The technical exploitation of this vulnerability occurs when GraphicsMagick processes specially crafted RGB image files that contain malformed quantum data structures. During the import process, the software reads quantum values without proper validation of the data size relative to the allocated buffer space, leading to memory corruption that can result in information disclosure, application crashes, or potentially remote code execution depending on the system configuration. This type of vulnerability falls under the ATT&CK technique T1203 - Exploitation for Client Execution, where adversaries leverage software vulnerabilities to execute arbitrary code on target systems.
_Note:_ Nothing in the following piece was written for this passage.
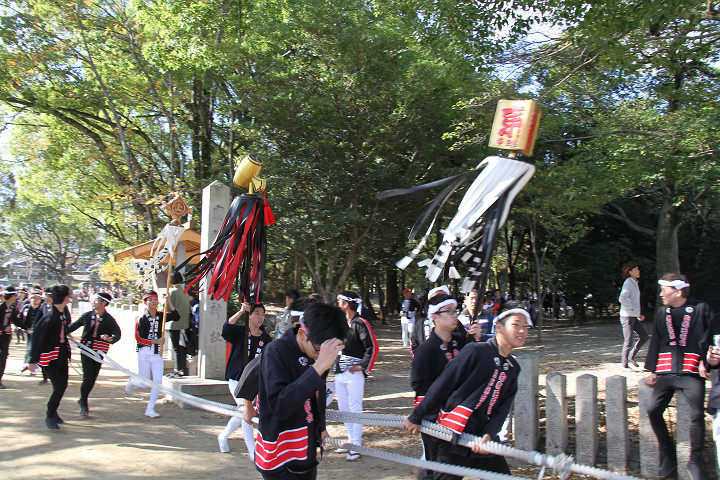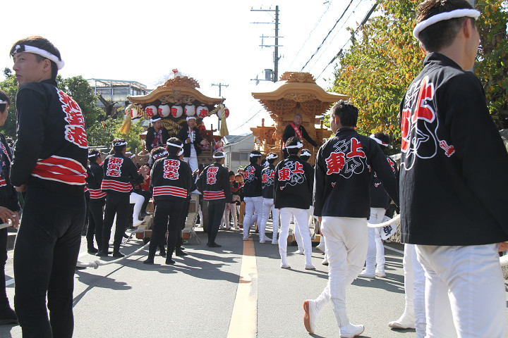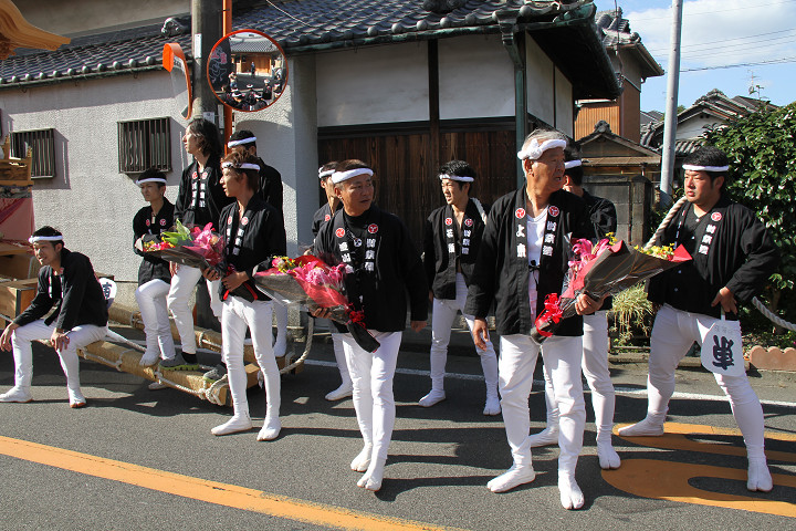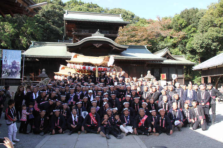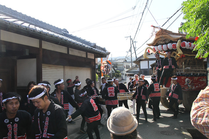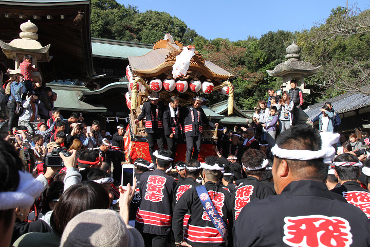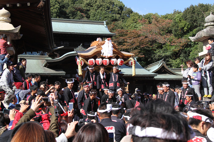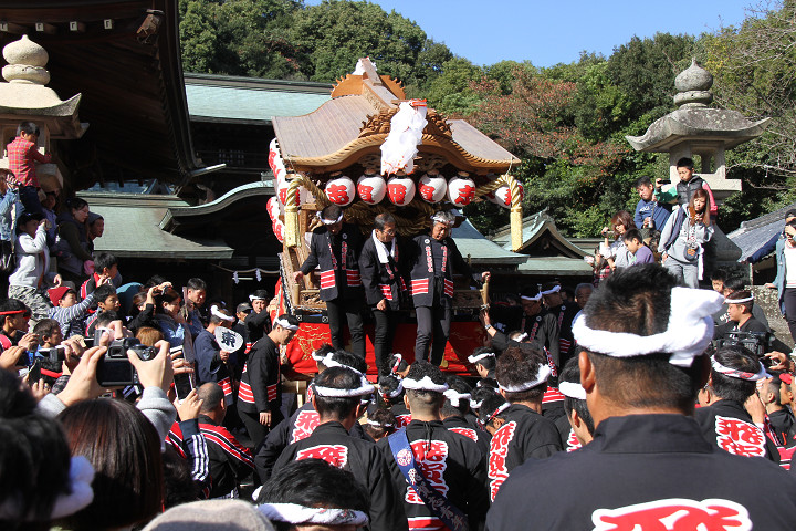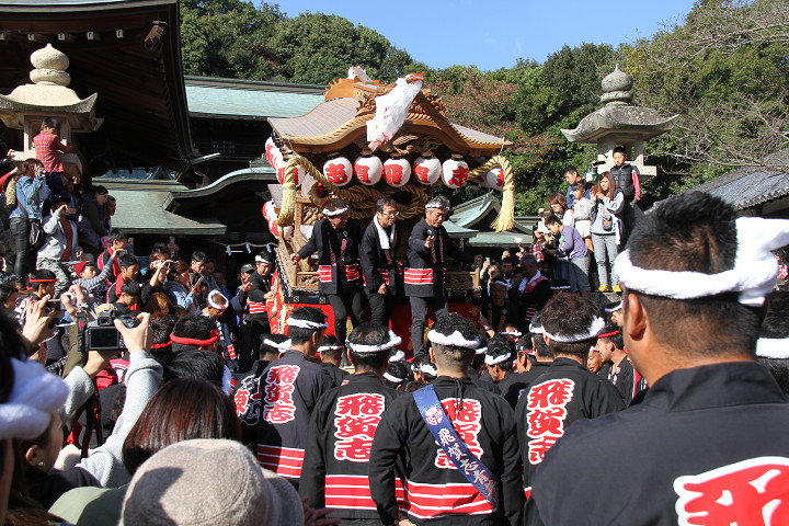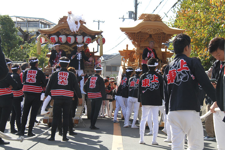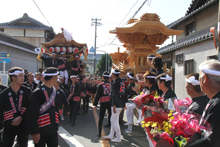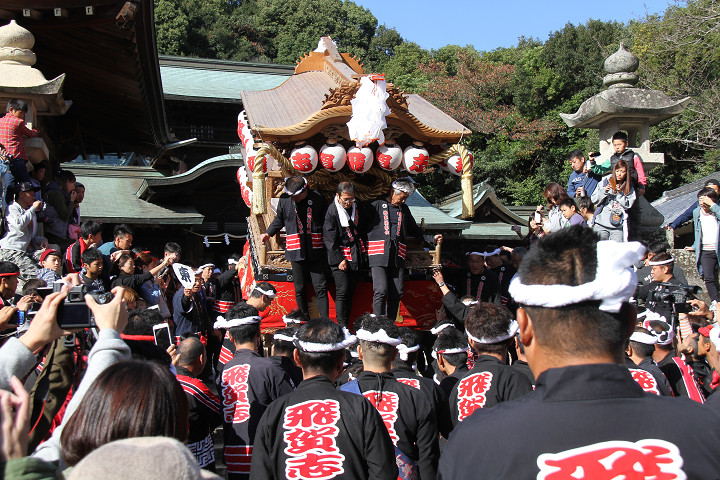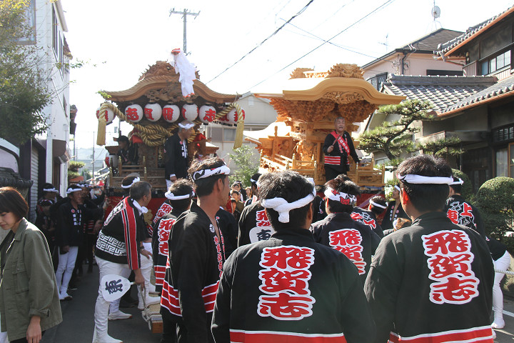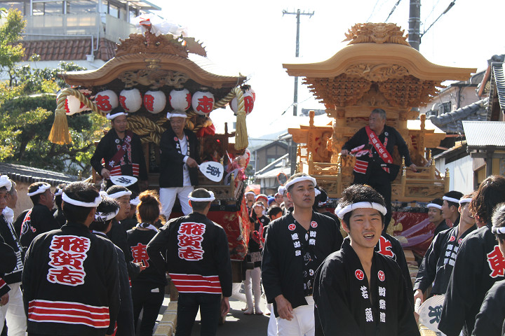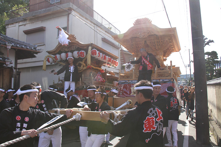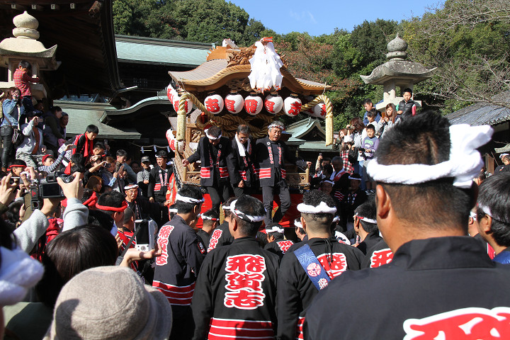 ![]() 双方の自治会長が互いのやぐらに乗ります。 |

The heap-based nature of the buffer over-read means that the vulnerability can be particularly challenging to detect and exploit consistently, as heap memory management can introduce unpredictable behavior patterns.
The operational impact of CVE-2017-17500 extends beyond simple application instability, as it represents a potential vector for privilege escalation attacks when GraphicsMagick is used in server environments or web applications. Systems that process untrusted image files, such as content management systems, image processing services, or web applications accepting user uploads, become vulnerable to this flaw. The vulnerability can be triggered through various attack vectors including web application file uploads, email attachments, or any automated image processing workflows. Security professionals should note that this vulnerability demonstrates the importance of input validation and bounds checking in image processing libraries, as the flaw exists in the core import functionality that handles numerous image formats. The potential for information disclosure through memory leaks makes this particularly concerning for environments where sensitive data might be inadvertently exposed through the buffer over-read mechanism.
Mitigation strategies for CVE-2017-17500 should focus on immediate patching of GraphicsMagick to version 1.3.27 or later, which contains the necessary fixes for the buffer over-read vulnerability. Organizations should implement strict input validation policies for all image file processing, including file type verification, size limits, and content scanning before processing. Network segmentation and application whitelisting can help reduce the attack surface by limiting which systems can process potentially malicious image files. Security monitoring should include detection of unusual file processing patterns or memory access violations that might indicate exploitation attempts. Additionally, implementing sandboxing mechanisms for image processing operations and regular security assessments of image handling components can provide defense-in-depth protection against similar vulnerabilities. The vulnerability serves as a reminder of the critical importance of proper memory management and bounds checking in multimedia processing libraries, particularly those handling untrusted input data from diverse sources.